Reimagining Anomaly Detection Through GenAI
Gen AI is a game changer applied to many industries and businesses. Can the same rules be applie to Data Engineering?
It is time to see how Gen AI is affecting the world of Anomaly Detection. How can we leverage Generative AI for anomaly detection? And what benefit can we extract by using LLMs in our setup.
In this session I will address all of these issues and show you how we can take our anomaly detection ball game to a whole new level.
How LLMs Transformed Our Analytics
This session explores how we transformed our approach to analytics using the power of Large Language Models. Discover how we reduced deep-dive analytics work from a full week to just a few hours. We unlocked faster, smarter decision-making across the organization. We will break down the key building blocks that enabled this shift, highlight common pitfalls to avoid, and share practical insights on how to align your team for success with LLM-driven analytics.
From Idea to MVP in 20 Minutes: Rapid Dashboard Prototyping with MCPs
In this talk, we’ll show how MCP (Model Context Protocol) can transform messy, unstructured Kafka data into a live dashboard-in just 20 minutes. By leveraging MCP servers, we eliminate the need for manual data engineering, enabling teams to explore real-time data visually with minimal setup.

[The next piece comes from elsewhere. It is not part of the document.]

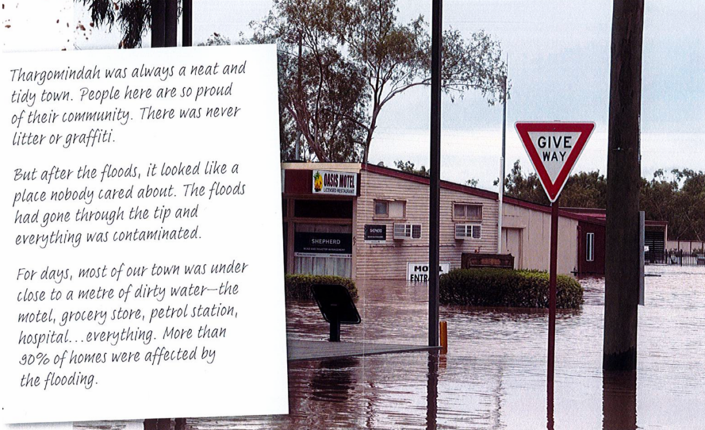 Over many years Dorcas ACTS has been called upon to assist in providing grants to those impacted by natural disasters often in remote regional areas. Here are some photos of stories of those impacted by recent flooding in Thargomindah.

This approach modernizes legacy data flows and drastically reduces time to insight.
Ideal for teams looking to accelerate prototyping and decision-making without getting stuck in infrastructure.
Conversational BI - The death of tradition BI
Traditional BI tools are becoming outdated—they’re slow, hard to use, and often lead to dashboards no one uses. Conversational BI is the future: instead of clicking through reports, people can simply ask questions and get answers from their data using AI. But for this to work well, there needs to be a strong semantic layer underneath—a smart system that understands business terms and connects them to the right data. It keeps answers consistent, accurate, and trusted, making AI-powered BI possible and useful at scale.
Stop Babysitting Your AI: From Junior Assistant to Senior Developer
What if your AI assistant could grow beyond its perpetual junior status? At Lightricks, we confronted the curious “junior paradox” of development tools like Cursor – technically powerful, yet forever stuck repeating the same mistakes. Why can’t AI tools learn team knowledge the way humans do?
Our solution – A registry-based framework with meta-rules and MCPs that orchestrates context-aware guidance. But how exactly did we transform our AI from a talented-yet-needy junior into a self-sufficient senior developer? And what happened when we deployed this system across our bi engineering team?
Join us to uncover how we broke the AI knowledge barrier – and discover how you might free yourself from repeatedly teaching the same standards to your AI assistants. Could your AI finally graduate from junior to senior developer?